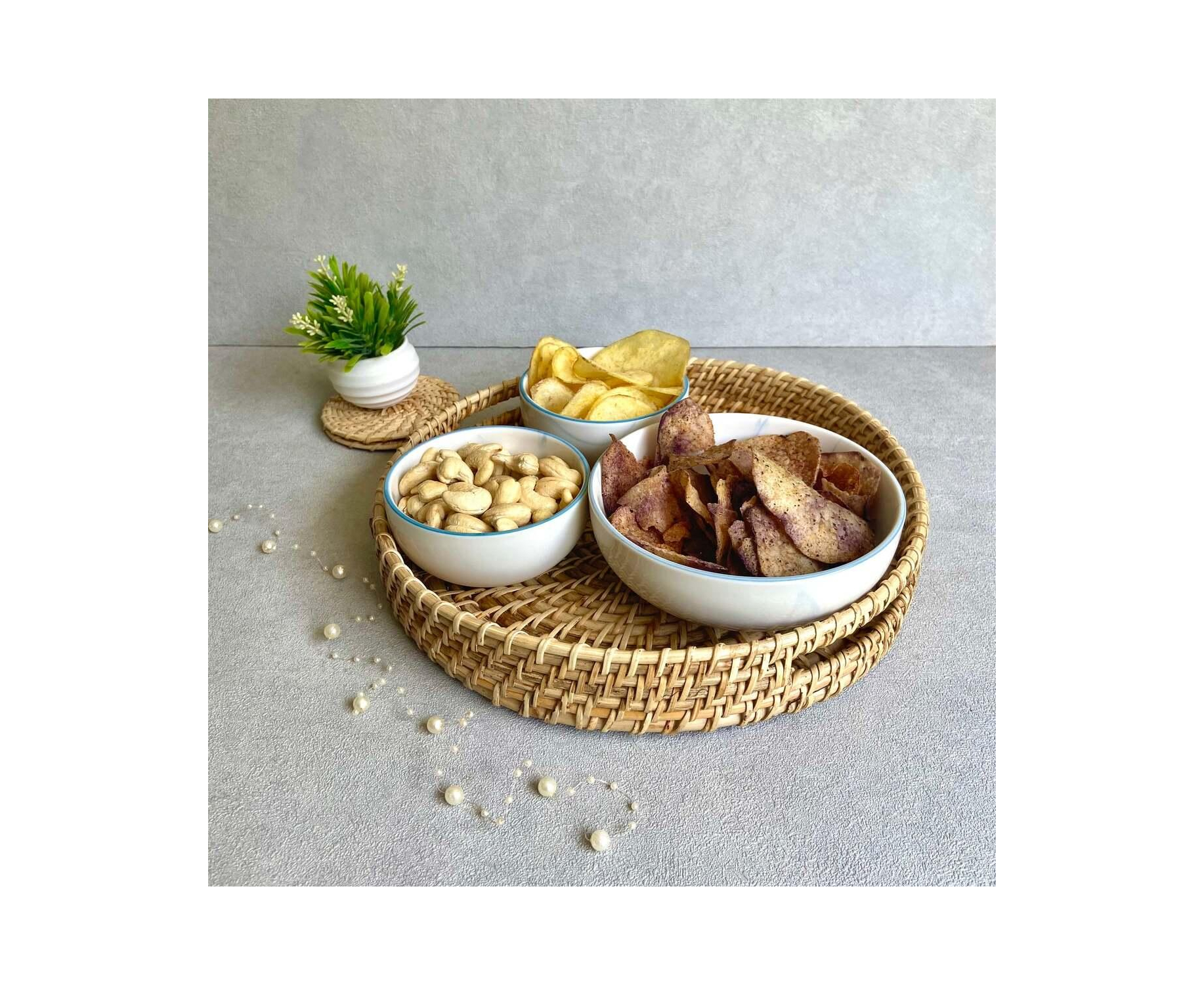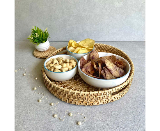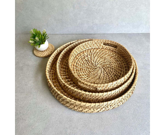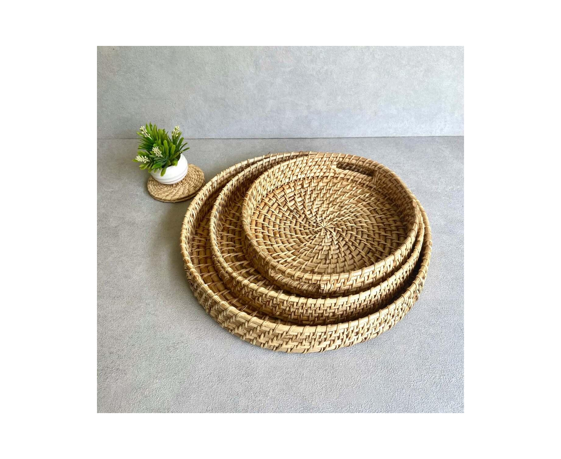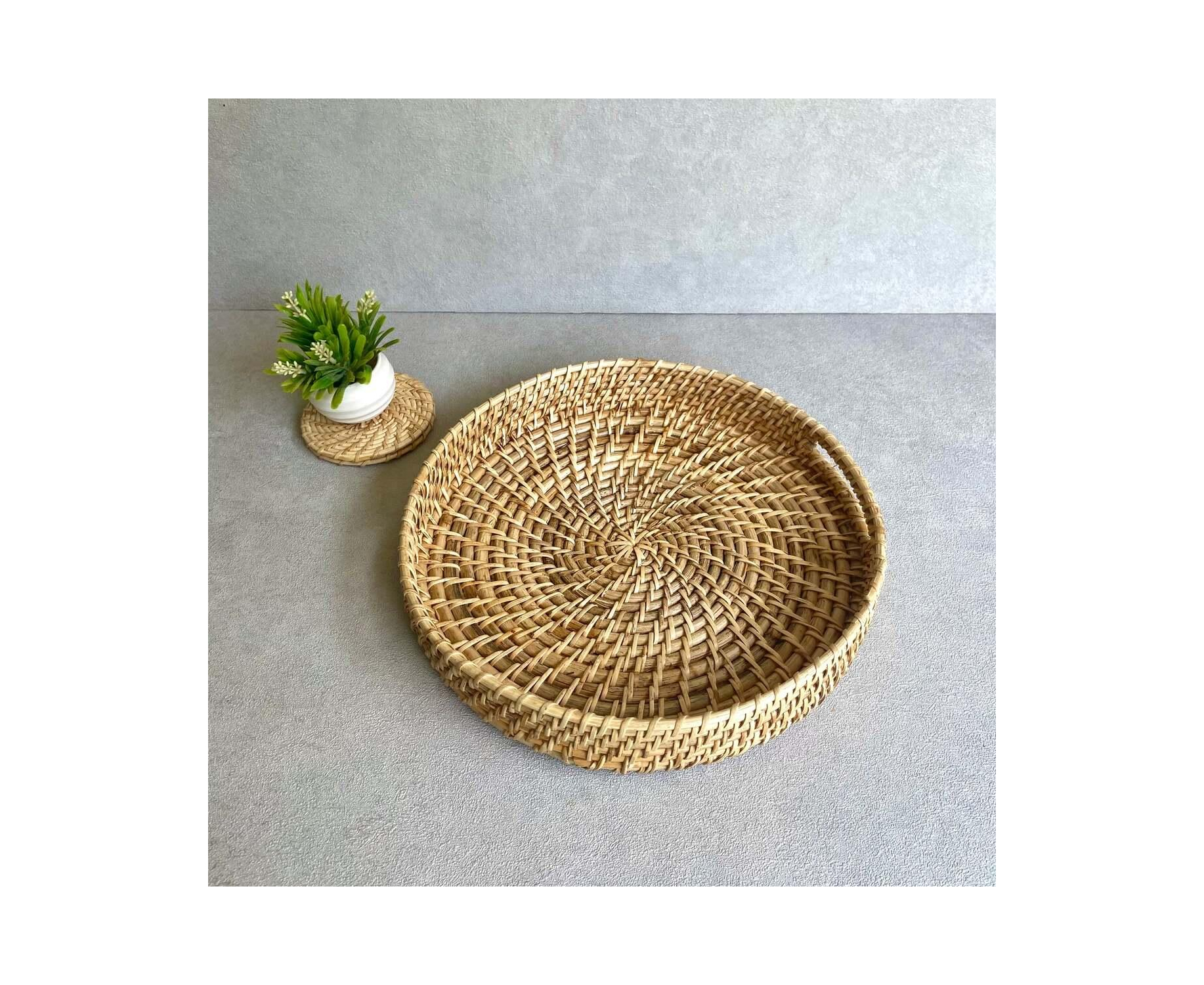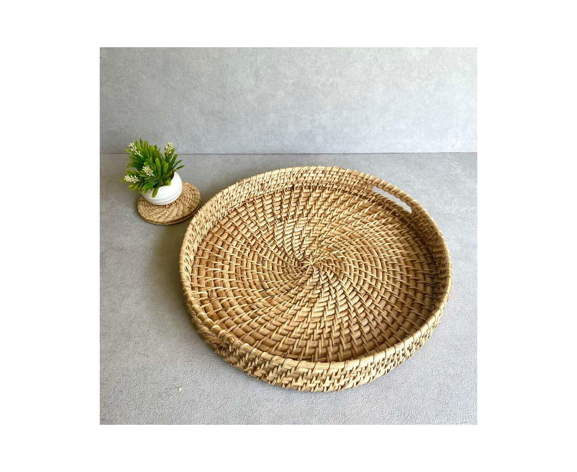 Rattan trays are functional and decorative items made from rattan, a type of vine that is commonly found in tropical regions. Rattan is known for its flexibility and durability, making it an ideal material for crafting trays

...

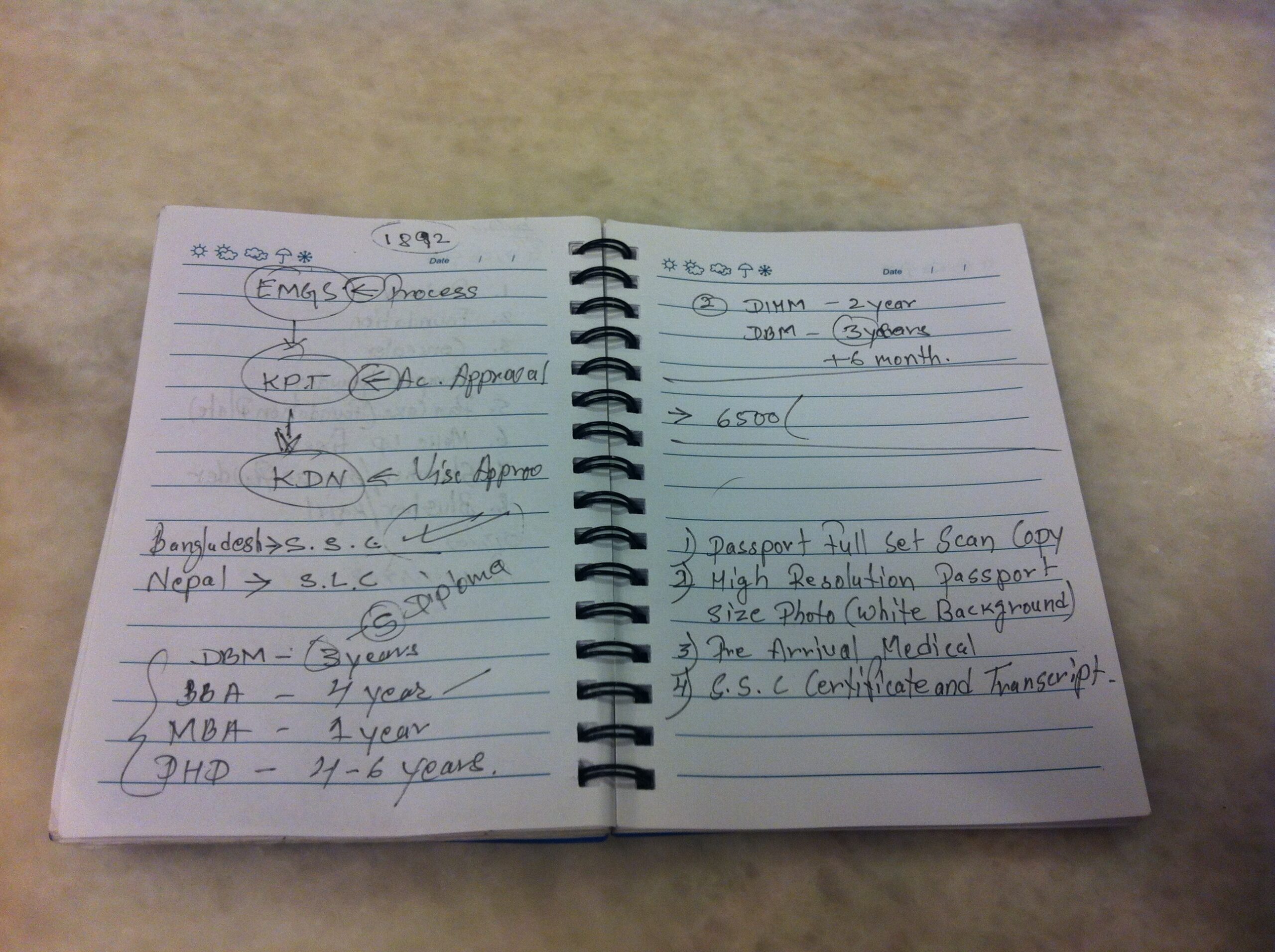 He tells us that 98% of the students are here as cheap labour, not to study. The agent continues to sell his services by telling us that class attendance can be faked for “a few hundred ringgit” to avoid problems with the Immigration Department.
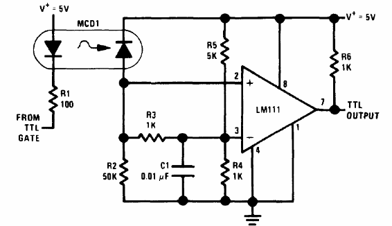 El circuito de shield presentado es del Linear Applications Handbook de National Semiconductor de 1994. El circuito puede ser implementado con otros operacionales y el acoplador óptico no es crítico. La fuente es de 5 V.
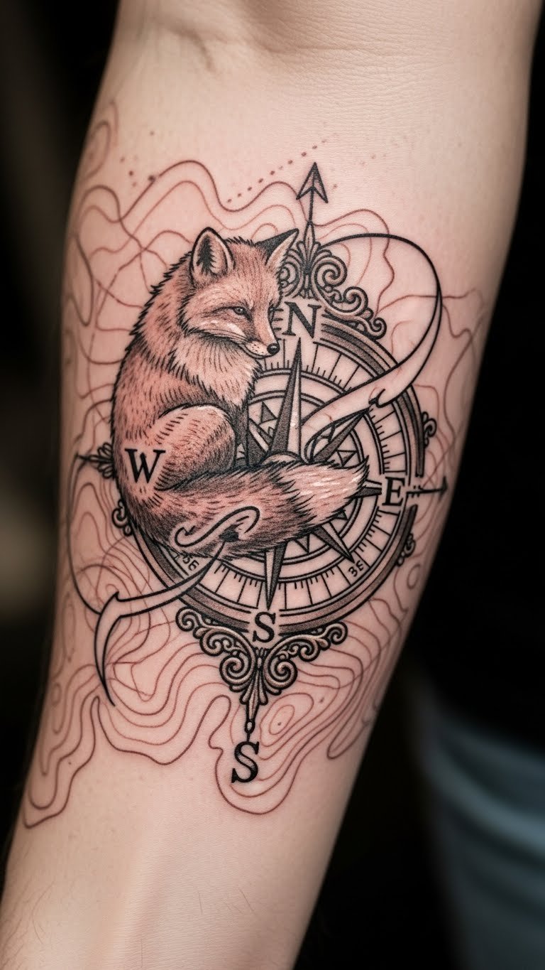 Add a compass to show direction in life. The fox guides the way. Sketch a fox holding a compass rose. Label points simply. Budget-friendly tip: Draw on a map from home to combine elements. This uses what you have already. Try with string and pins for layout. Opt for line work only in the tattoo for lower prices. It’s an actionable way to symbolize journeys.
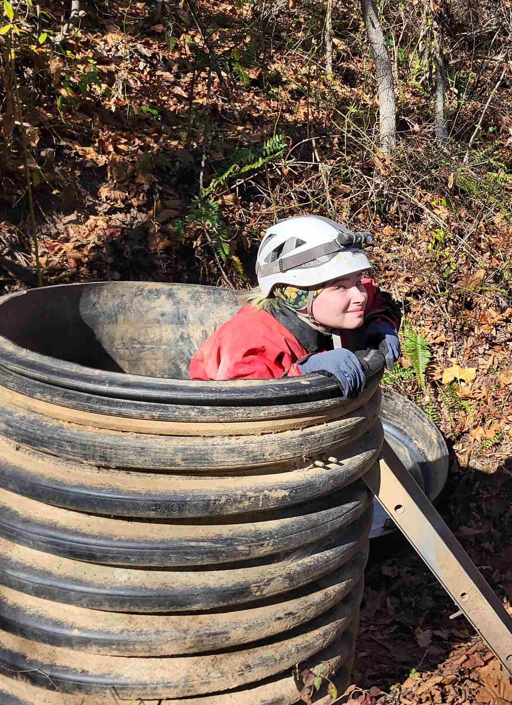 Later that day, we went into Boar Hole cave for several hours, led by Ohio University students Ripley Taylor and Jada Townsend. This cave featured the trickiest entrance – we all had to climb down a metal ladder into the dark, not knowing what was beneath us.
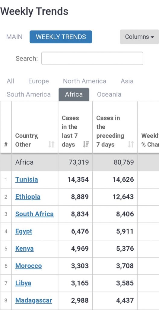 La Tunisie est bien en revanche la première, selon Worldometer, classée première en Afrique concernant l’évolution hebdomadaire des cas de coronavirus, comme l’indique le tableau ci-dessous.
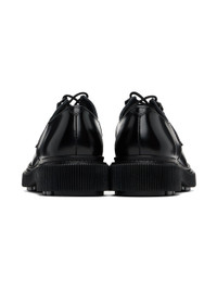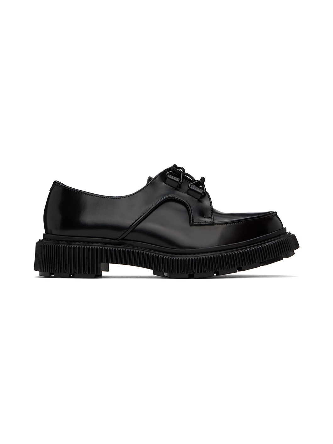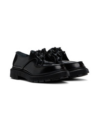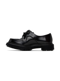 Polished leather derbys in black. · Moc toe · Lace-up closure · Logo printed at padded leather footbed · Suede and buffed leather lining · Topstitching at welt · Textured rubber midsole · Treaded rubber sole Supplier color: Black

==

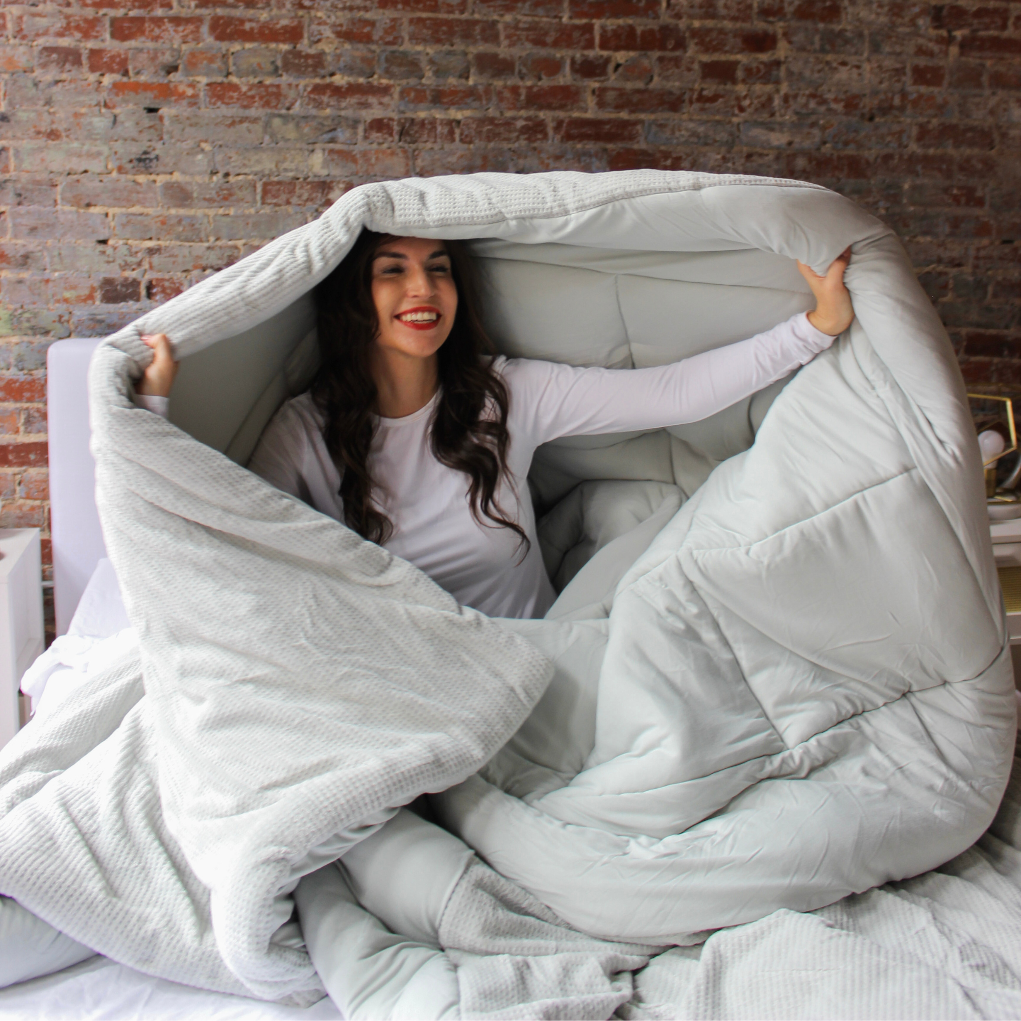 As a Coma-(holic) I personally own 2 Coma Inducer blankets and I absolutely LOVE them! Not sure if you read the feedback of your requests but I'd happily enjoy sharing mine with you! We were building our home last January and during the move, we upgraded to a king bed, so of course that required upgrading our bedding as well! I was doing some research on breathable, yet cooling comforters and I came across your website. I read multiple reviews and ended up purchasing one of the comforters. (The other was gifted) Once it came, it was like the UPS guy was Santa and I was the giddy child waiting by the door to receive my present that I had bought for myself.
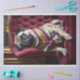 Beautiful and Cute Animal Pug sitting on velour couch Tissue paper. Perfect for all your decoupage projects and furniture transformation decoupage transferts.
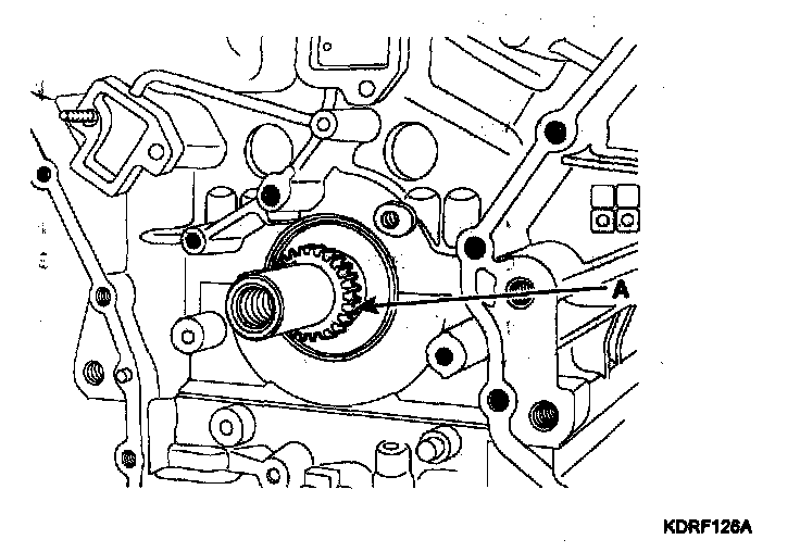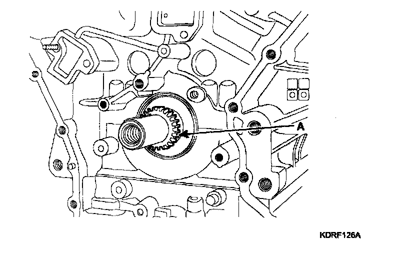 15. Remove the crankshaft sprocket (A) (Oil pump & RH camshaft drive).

- DIRECTIONS
Only the lines above from the one containing "Beautiful and Cute" through the one containing "15. Remove the" should be returned, verbatim and inclusive, with pictures excluded.

- RESULT
 Beautiful and Cute Animal Pug sitting on velour couch Tissue paper. Perfect for all your decoupage projects and furniture transformation decoupage transferts.
 15. Remove the crankshaft sprocket (A) (Oil pump & RH camshaft drive).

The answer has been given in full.